Hopscotch
- First edition (publ. M. Evans)
- Author: Brian Garfield
- Publisher: M. Evans
- Publication date: 1975
- Award: Edgar Award for Best Novel (1976)

= Hopscotch (Garfield novel) =

1975 novel by Brian Garfield

Hopscotch is a 1975 novel by American writer Brian Garfield, in which a CIA field officer walks away from the Agency in order to keep from being retired and placed behind a desk, and invites the Agency to pursue him by writing an exposé and mailing chapters of it piecemeal to all the major intelligence agencies around the world, including the CIA. Hopscotch won the 1976 Edgar Award for Best Novel.

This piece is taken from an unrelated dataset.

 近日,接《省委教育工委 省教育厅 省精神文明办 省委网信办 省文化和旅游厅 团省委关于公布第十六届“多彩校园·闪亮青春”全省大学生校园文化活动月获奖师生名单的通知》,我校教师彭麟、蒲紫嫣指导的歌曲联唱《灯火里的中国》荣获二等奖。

In 1980, the novel was made into a film with the same name, for which Garfield also cowrote the screenplay. The film starred Walter Matthau. Although the novel has a dark, cynical tone, the film is a comedy, but the plot follows that of the novel fairly closely.

==Historical context==
The book came out during the period of the Church Committee Congressional investigations of the Intelligence community in the mid-1970s. The popular image of the CIA had been under attack before the committee was convened, and the Agency's image was not helped by the spate of spy novels like Hopscotch, in which the CIA was depicted as a paranoid bureaucracy out to kill any Agency insiders who dared to expose its blunders. In addition to Hopscotch, the same story was told by novels like Six Days of the Condor (1974) by James Grady (adapted for the 1975 film Three Days of the Condor), Dragons at the Gate (1975) by Robert Duncan and The Star-Spangled Contract (1976) by Jim Garrison.

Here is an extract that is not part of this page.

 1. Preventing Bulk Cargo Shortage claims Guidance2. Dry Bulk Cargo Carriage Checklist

The new batch of insider spy fiction that emerged 30 years after the publication of Hopscotch, has a certain resonance with the spy novels that appeared around the time of the Church Committee investigations. In Hopscotch, the Agency tries to retire Kendig—their most successful field agent—'in place', by relegating him to a desk job. Kendig decides not to take this lying down, destroys his Agency file, and walks away from the 'punishment' that his despotic bureaucrat of an office chief has ordained for him. The same scenario is repeated in The Dream Merchant of Lisbon by Gene Coyle (2004), and there are variants of this theme in Edge of Allegiance by Thomas F. Murphy (2005) and in Voices Under Berlin: The Tale of a Monterey Mary by T. H. E. Hill (2008).